- [Assignment]: Return each line below exactly as it reads, and omit any image in it.

- [Recorded information]:
* * * * *
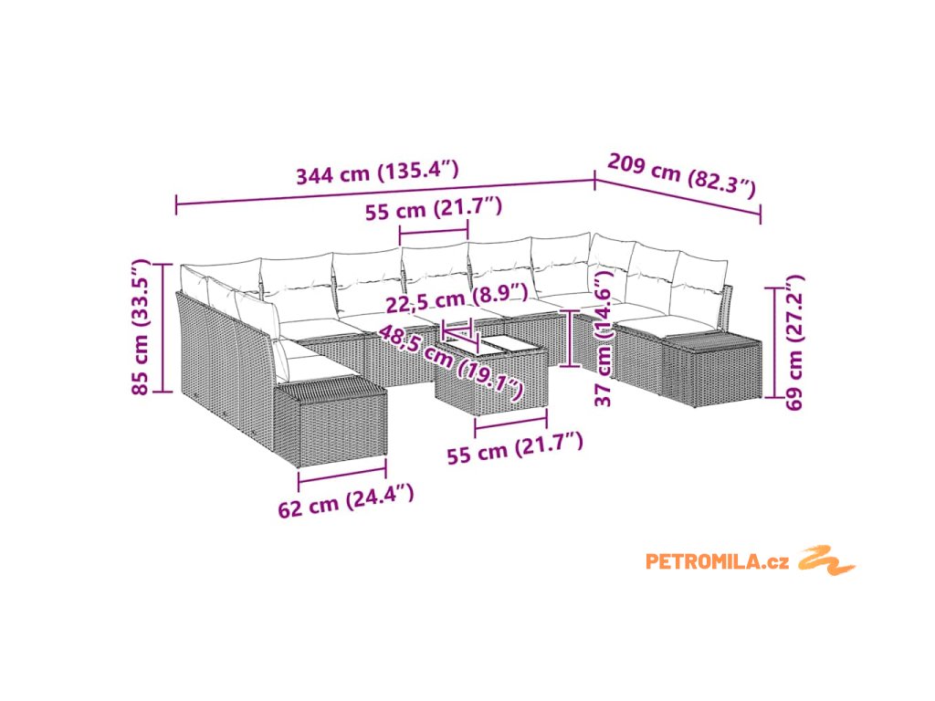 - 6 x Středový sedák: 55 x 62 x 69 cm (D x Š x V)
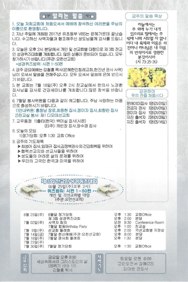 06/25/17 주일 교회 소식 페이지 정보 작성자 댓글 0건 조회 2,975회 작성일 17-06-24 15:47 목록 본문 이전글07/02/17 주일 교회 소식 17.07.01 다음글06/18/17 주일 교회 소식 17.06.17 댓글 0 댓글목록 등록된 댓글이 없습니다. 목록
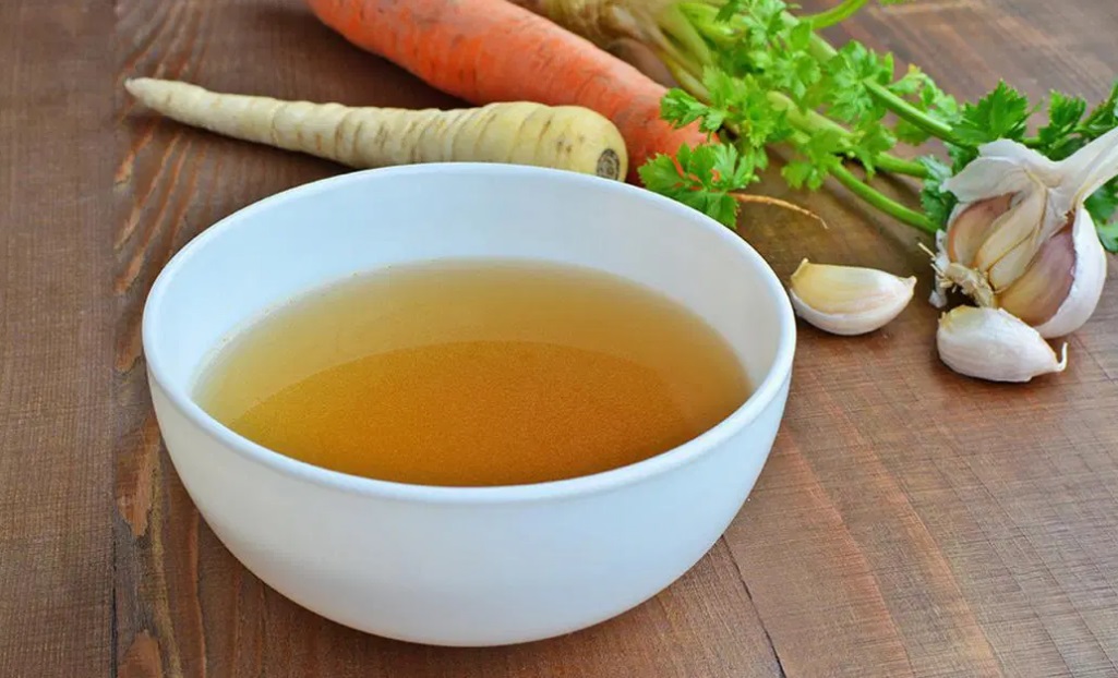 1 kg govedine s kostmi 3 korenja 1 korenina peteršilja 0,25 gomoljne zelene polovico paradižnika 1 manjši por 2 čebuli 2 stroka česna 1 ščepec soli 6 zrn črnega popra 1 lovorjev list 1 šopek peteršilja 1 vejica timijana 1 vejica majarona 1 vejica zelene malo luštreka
* * * * *
- [Final answer]:
 - 6 x Středový sedák: 55 x 62 x 69 cm (D x Š x V)
 06/25/17 주일 교회 소식 페이지 정보 작성자 댓글 0건 조회 2,975회 작성일 17-06-24 15:47 목록 본문 이전글07/02/17 주일 교회 소식 17.07.01 다음글06/18/17 주일 교회 소식 17.06.17 댓글 0 댓글목록 등록된 댓글이 없습니다. 목록
 1 kg govedine s kostmi 3 korenja 1 korenina peteršilja 0,25 gomoljne zelene polovico paradižnika 1 manjši por 2 čebuli 2 stroka česna 1 ščepec soli 6 zrn črnega popra 1 lovorjev list 1 šopek peteršilja 1 vejica timijana 1 vejica majarona 1 vejica zelene malo luštreka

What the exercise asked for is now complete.